The use of global distribution systems such as the Internet for distribution of digital assets such as music, film, computer programs, pictures, games and other content continues to grow. In many instances, media offered via traditional broadcast mediums is supplemented through similar media offerings through computer networks and the Internet. It is estimated that Internet-related media offerings will rival and even surpass traditional broadcast offerings in the coming years.
Techniques such as “watermarking” have been known in the art for incorporating information signals into media signals or executable code. Typical watermarks may include encoded indications of authorship, content, lineage, existence of copyright, or the like. Alternatively, other information may be incorporated into audio signals, either concerning the signal itself, or unrelated to it. The information may be incorporated in an audio signal for various purposes, such as identification or as an address or command, whether or not related to the signal itself.

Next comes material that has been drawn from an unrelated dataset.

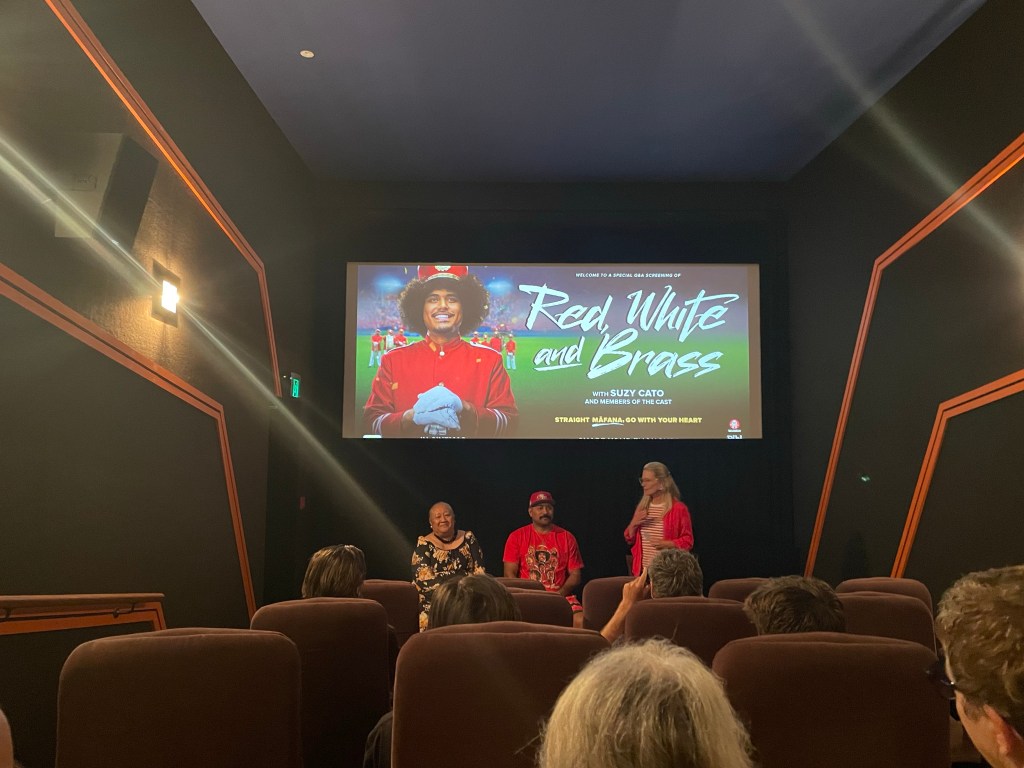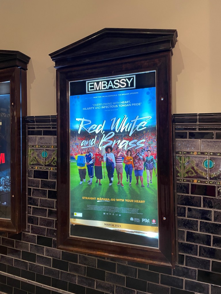 On the plane down to Wellington a few weeks ago, the flight attendant got on the PA and said we were joined by the cast of Red White and Brass, who were flying to Welly for the movie’s world premiere. Cool, I thought but meaningless to me. The next morning I happened to walk right by the theatre and snapped a shot of the poster.

There is considerable interest in encoding audio signals with information to produce encoded audio signals having substantially the same perceptible characteristics as the original unencoded audio signals. Recent successful techniques exploit the psychoacoustic masking effect of the human auditory system whereby certain sounds are humanly imperceptible when received along with other sounds.

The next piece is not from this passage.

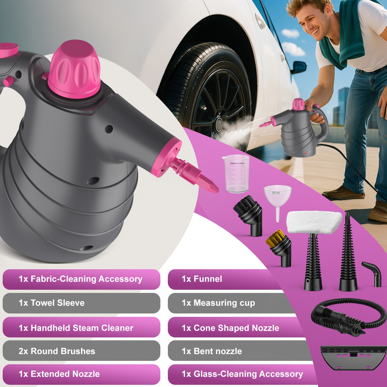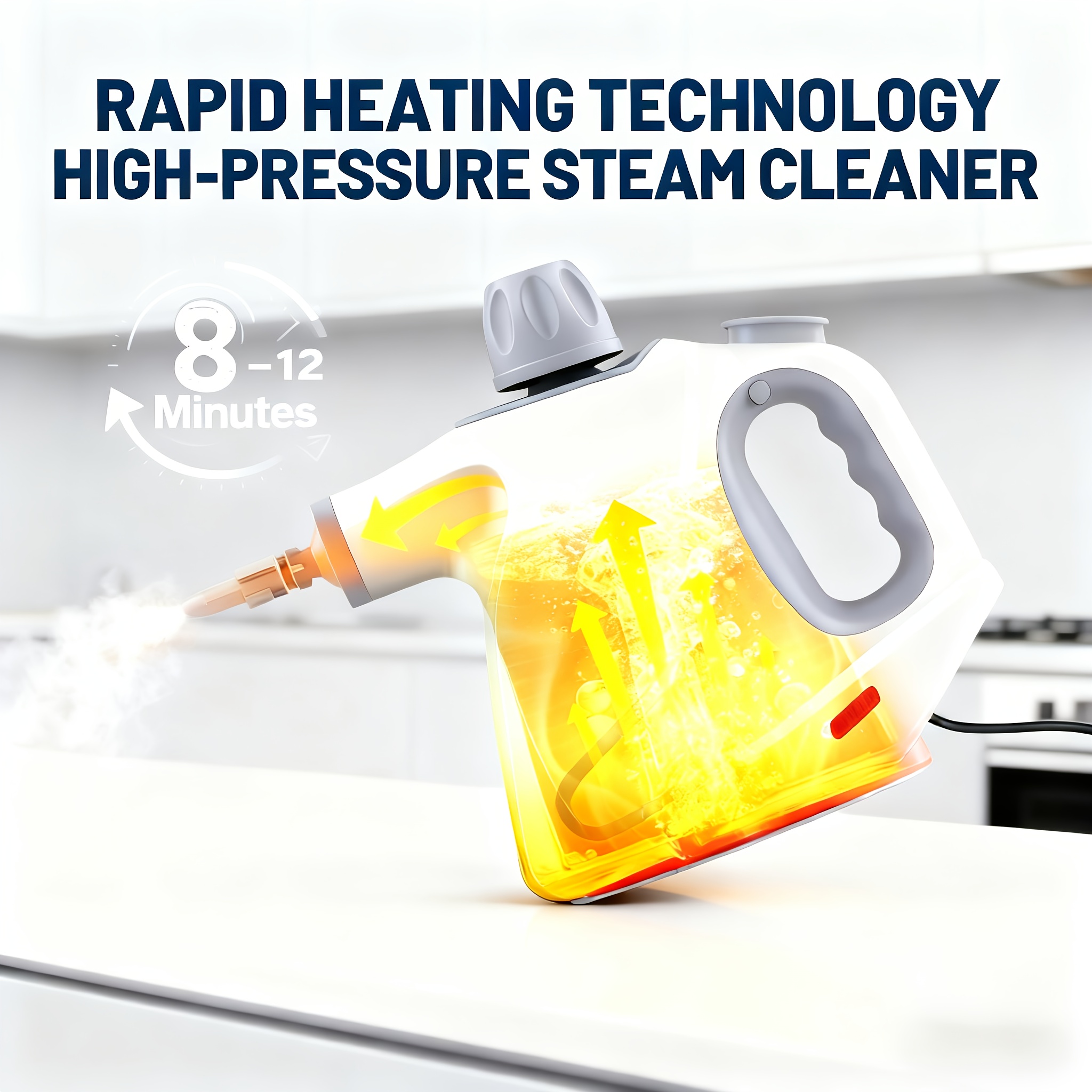 1pc 1050W Handheld Steam Cleaner | 12 Brush Heads, Fast Heat-Up, Chemical Free, Lightweight & Portable, Large 11.83oz Water Tank, Metal & Plastic, Us Plug, Versatile for Home, Car, Floor & Furniture

Arbitron has developed a new and innovative technology called Critical Band Encoding Technology (CBET) that encompasses all forms of audio and video broadcasts in the measurement of audience participation. This technology dramatically increases the both the accuracy of the measurement and the quantity of useable and effective data across all types of signal broadcasts. CBET is an encoding technique that Arbitron developed and that embeds identifying information (ID code) or other information within the audio portion of a broadcast. An audio signal is broadcast within the actual audio signal of the program, in a manner that makes the ID code inaudible, to all locations the program is broadcast, for example, a car radio, home stereo, computer network, television, etc. This embedded audio signal or ID code is then picked up by small (pager-size) specially designed receiving stations called Portable People Meters (PPM), which capture the encoded identifying signal, and store the information along with a time stamp in memory for retrieval at a later time. A microphone contained within the PPM receives the audio signal, which contains within it the ID code.
Further disclosures related to CBET encoding may be found in U.S. Pat. No. 5,450,490 and U.S. Pat. No. 5,764,763 (Jensen et al.) in which information is represented by a multiple-frequency code signal which is incorporated into an audio signal based upon the masking ability of the audio signal. Additional examples include U.S. Pat. No. 6,871,180 (Neuhauser et al.) and U.S. Pat. No. 6,845,360 (Jensen et al.), where numerous messages represented by multiple frequency code signals are incorporated to produce and encoded audio signal. Other examples include U.S. Pat. No. 7,239,981 (Kolessar et al.). Each of the above-mentioned patents is incorporated by reference in its entirety herein.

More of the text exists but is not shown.